* Work instruction:
Apart from the pictures, return every line of the listing exactly.

* Data excerpt:
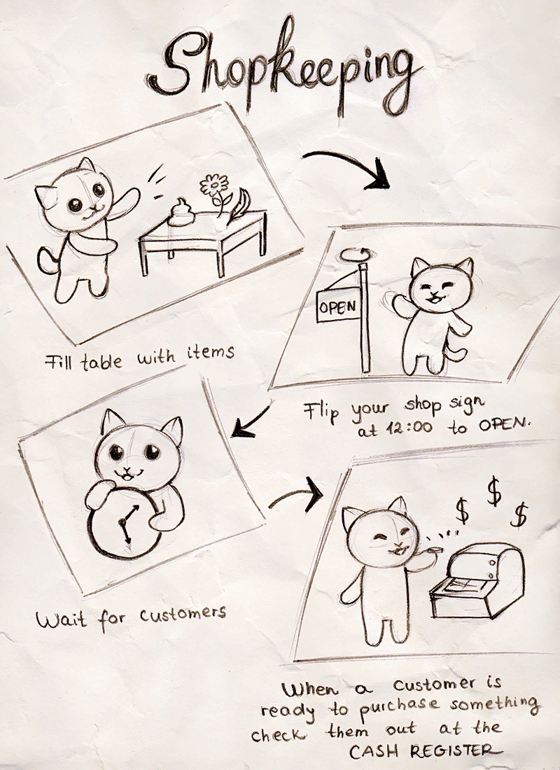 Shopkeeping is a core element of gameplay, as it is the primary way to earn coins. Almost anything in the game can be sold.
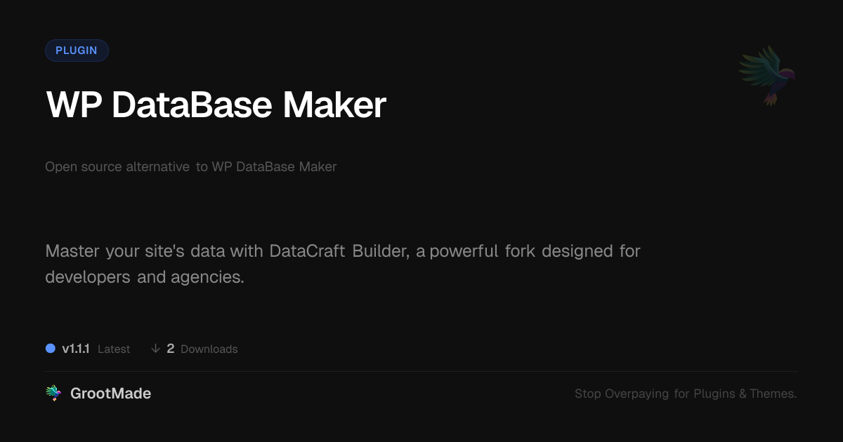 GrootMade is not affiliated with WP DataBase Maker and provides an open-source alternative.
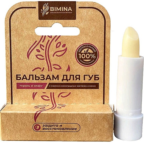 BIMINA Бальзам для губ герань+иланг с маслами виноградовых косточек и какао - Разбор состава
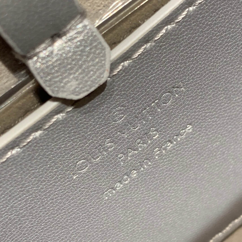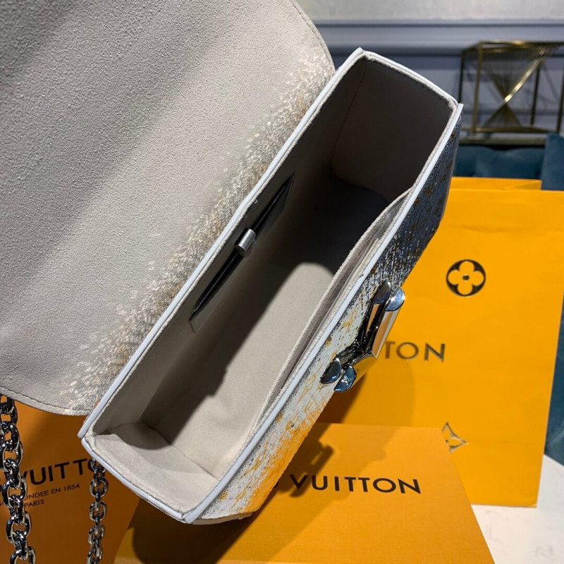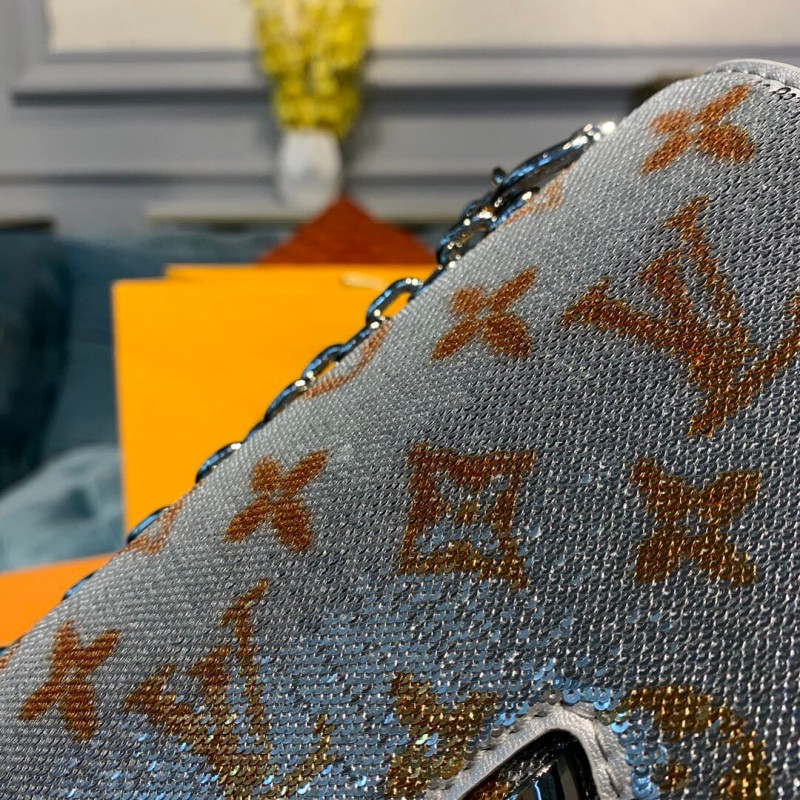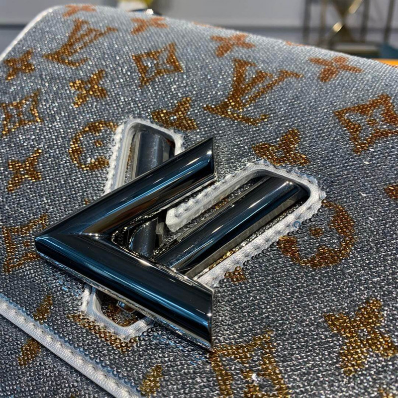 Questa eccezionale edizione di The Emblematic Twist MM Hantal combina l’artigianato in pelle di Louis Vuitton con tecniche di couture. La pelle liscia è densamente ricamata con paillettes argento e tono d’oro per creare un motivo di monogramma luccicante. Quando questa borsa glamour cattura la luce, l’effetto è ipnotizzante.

* Answer box:
 Shopkeeping is a core element of gameplay, as it is the primary way to earn coins. Almost anything in the game can be sold.
 GrootMade is not affiliated with WP DataBase Maker and provides an open-source alternative.
 BIMINA Бальзам для губ герань+иланг с маслами виноградовых косточек и какао - Разбор состава
 Questa eccezionale edizione di The Emblematic Twist MM Hantal combina l’artigianato in pelle di Louis Vuitton con tecniche di couture. La pelle liscia è densamente ricamata con paillettes argento e tono d’oro per creare un motivo di monogramma luccicante. Quando questa borsa glamour cattura la luce, l’effetto è ipnotizzante.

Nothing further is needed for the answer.